The lines below, from the one containing "Saddle up in" through the one containing "Номер в базе: 111905", should be set down exactly, with no pictures and nothing else.
○ ○ ○ ○
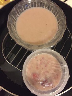 蒸好结皮的牛奶忘记拍照了,在边缘划一口子慢慢的把牛奶倒入事先蛋清白砂糖牛奶混合搅拌好的碗里,放锅里蒸10分钟再焖5分钟即可
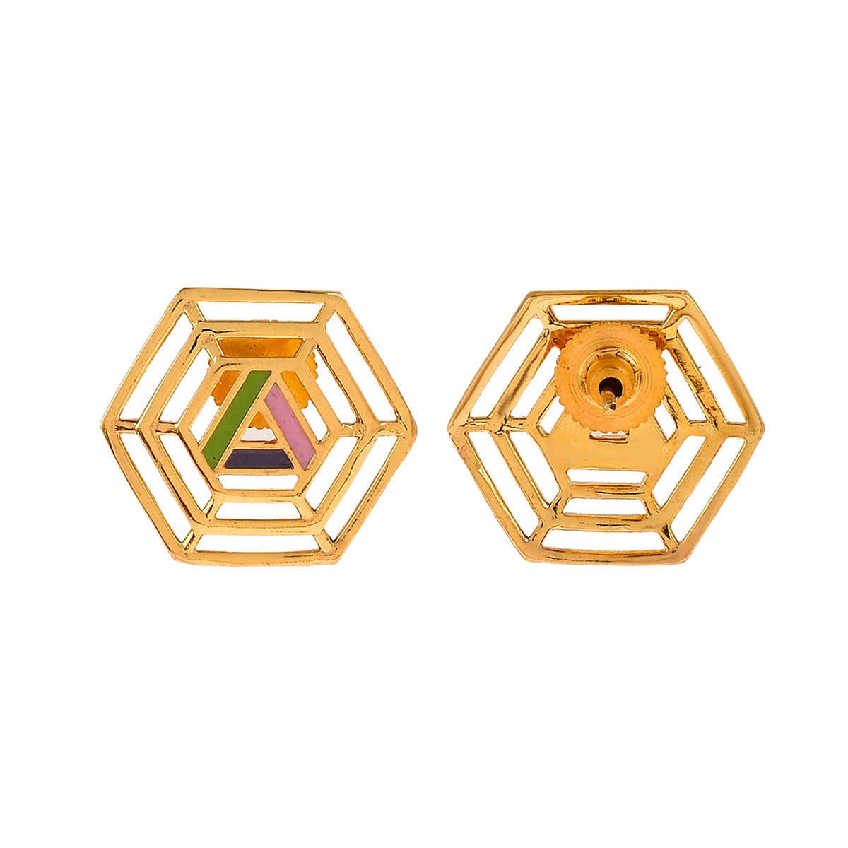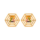 Benzene Gold Hexagon Cutwork Stud Earrings
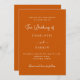Orangefarbener Hintergrund. Personalisieren und fügen Sie Ihre Namen und die Details. Weißer Text. Zurück: verbrannter oranger Hintergrund.
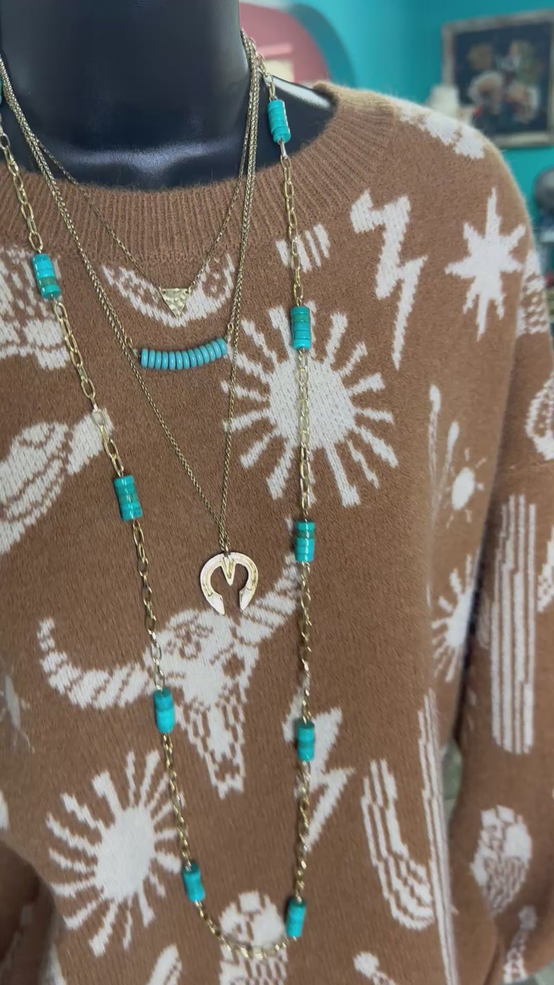 Saddle up in style with The Stay' Western In The Desert Teal Sweater! This cozy super soft western winner features cactus, boots, and cowboy hats for a playful Western vibe. Plus, its great fit will have you saying "yee-haw!"
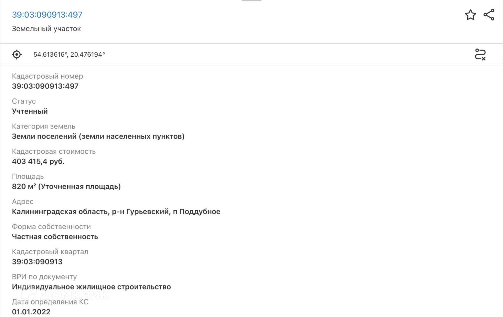 Номер в базе: 11190544. Район: Поддубное
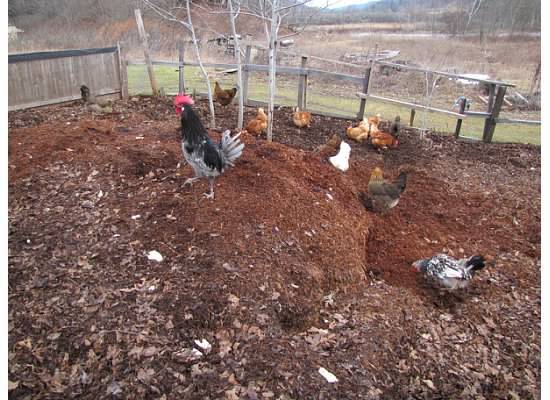 My personal favorite is where the compost pile is actually a thick “mulch” on the chicken yard that’s routinely added to. My goal is to have no bare dirt in any part of the chicken yard. Preferably, at least part of the compost chicken yard should be covered with a roof, so that the chickens can “work” it through all kinds of weather. As an added bonus, I like two or more fenced off “pasture” areas into which the chickens can be rotated for grazing. With their compost area to scratch in, they will be less likely to dig up the grass and other greens in the “pasture” areas. That way the get the best of both worlds - scratching in "dirt" & eating fresh greens.
○ ○ ○ ○
### EXERCISE RESPONSE
 Saddle up in style with The Stay' Western In The Desert Teal Sweater! This cozy super soft western winner features cactus, boots, and cowboy hats for a playful Western vibe. Plus, its great fit will have you saying "yee-haw!"
 Номер в базе: 11190544. Район: Поддубное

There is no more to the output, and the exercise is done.